OK, but why should anyone outside of Wisconsin care about this? Here's why: the voting in Wisconsin this spring "will be the first national test of the possibility of democracy in the Citizens United era," writes Ruth Conniff of the Madison-based magazine The Progressive, referring to the historic Supreme Court ruling that allowed unlimited spending on polticial campaigns. If conservatives succeed in breaking public unions in Wisconsin, they will try the same thing everywhere, with mind-blowing seriousness. Already by this February, Walker, taking advantage of a loophole that allows donors to recall targets to blow through the state's $10,000 contribution cap, had raised an astonishing $12.2 million dollars; then, by April, he had added $13.2 million more.

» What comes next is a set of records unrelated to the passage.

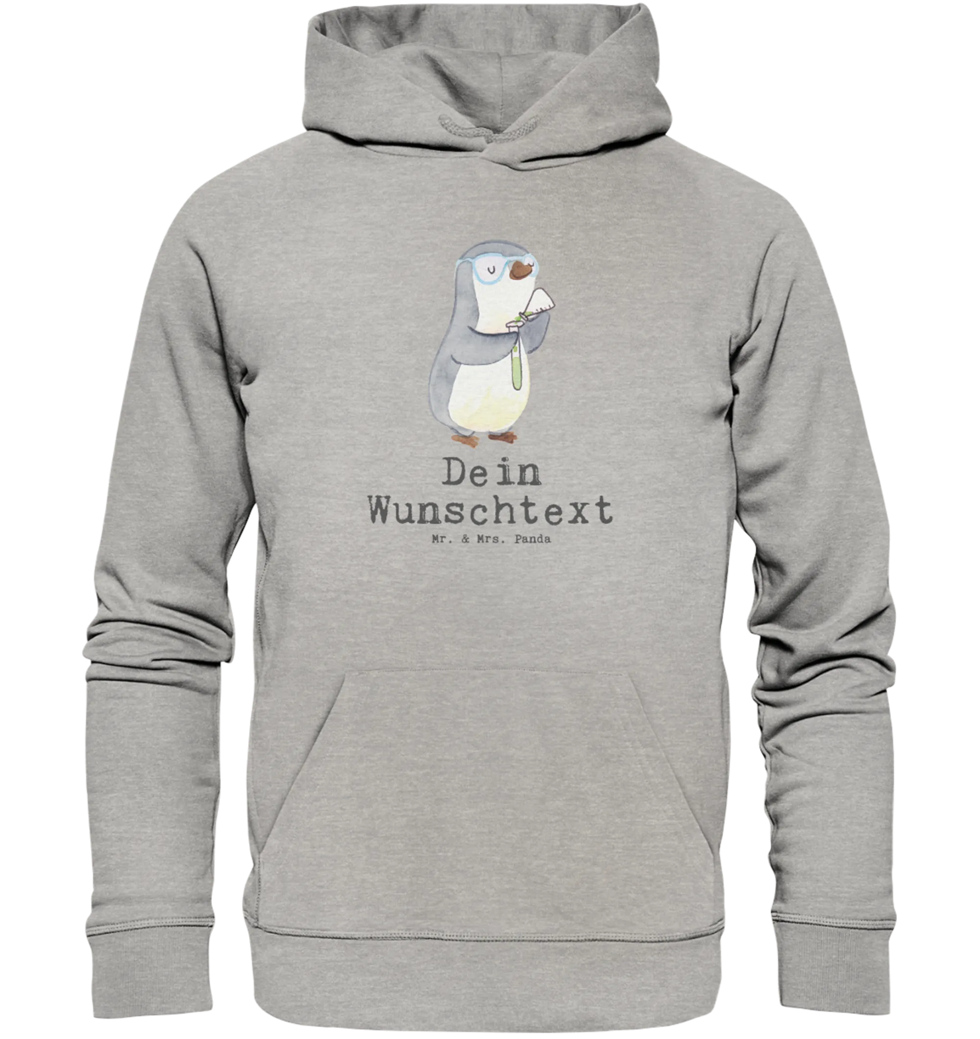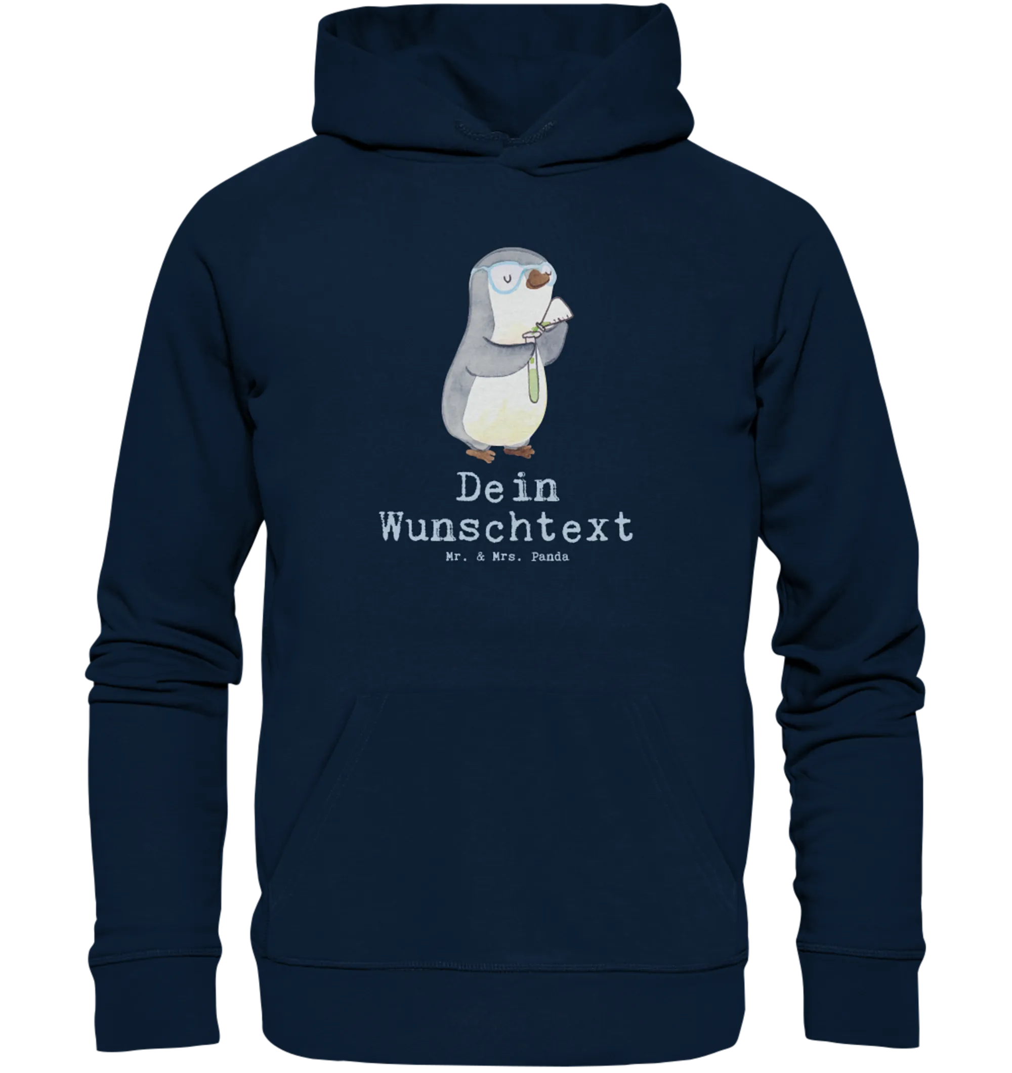 Suchst du ein persönliches Geschenk für Chemiker*innen? Unser personalisierter Organic Hoodie „Chemiker mit Herz“ aus der Berufe-Kollektion von Mr. & Mrs. Panda ist genau das: liebevoll gezeichnet, nachhaltig produziert und mit deinem Wunschname individualisierbar. Das niedliche Pinguin-Motiv mit Reagenzglas und der freche Spruch „Du bist nur ein halber Mensch, wenn du kein Chemiker bist.“ bringen im Labor und in der Uni garantiert ein Lächeln.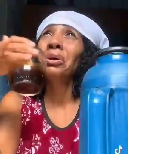 Uma mulher negra bebendo de um copo, usando uma touca branca e uma camiseta vermelha com estampas brancas, ao lado de um botijão de gás azul.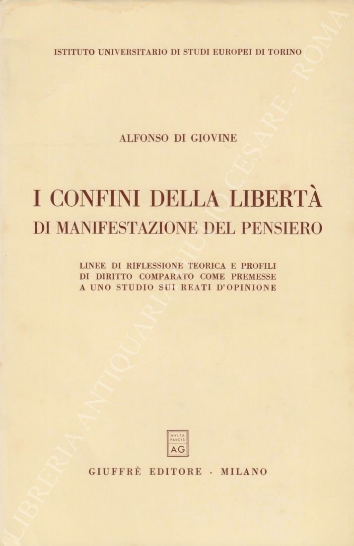 I confini della libertà di manifestazione del pensiero. Linee di riflessione teorica e profili di diritto comparato come premesse a uno studio sui reati d'opinione | Libri antichi e moderni | Di Giovine Alfonso

That's about twenty-five bucks for every Wisconsinite who casts a vote for a Republican in a typical off-year election – although, of course, most of that money does not come from Wisconsinites but from corporate titans and movement conservatives for whom, as per usual on the right, Walker's law-skirting brazenness has made him a hero, not a pariah. For over a year now he's been touring the nation, seeing their favors, explaining his plans to "make big, fundamental, permanent structural changes" to the shape of governing in America. Bob Perry, chief funder of "Swift Boat Veterans for Truth” (you can read about Perry's Top 40 donors, all of whom have given more than $100,000, here) Amway's Rich Devos, and my BFF Sheldon Adelson, have all given $250,000. And though the Koch family have kept their fingerprints off the effort by not donating any money to Walker directly, attendees at their annual summits where they steer donors to their favorite right-wing causes have given $1.3 million. (Hilariously, Walker last year thanked a prank caller pretending to be David Koch for his support in "getting our freedoms back"). Forty-two percent of Walker’s donations have been plowed right back into direct-mail pieces imploring humble citizens to help Walker out in his fight against the "big labor bosses" and their "unstoppable" national juggernaut.
In actual fact, those would be the big labor bosses whose candidate was abandoned by the Wisconsin Democratic establishment. And also in actual fact the entire Democratic field have together raised $2 million in the last three months in direct contributions to Scott Walker's $13.2 million.
So, $25 per vote from reactionary out-of-state donors versus three bucks and one million petition signatures from regular old Wisconsinites: which one of them will prevail in June will tell us what American democracy will look like – if it will look like democracy at all. It's like one of those posters I saw in Madison last year said. It quoted the Gettysburg Address: "Now we are engaged in a great civil war testing whether that nation, or any nation so conceived or so dedicated can long endure. We are met on a great battlefield of that war." The picket sign added: "MADISON is that battlefield."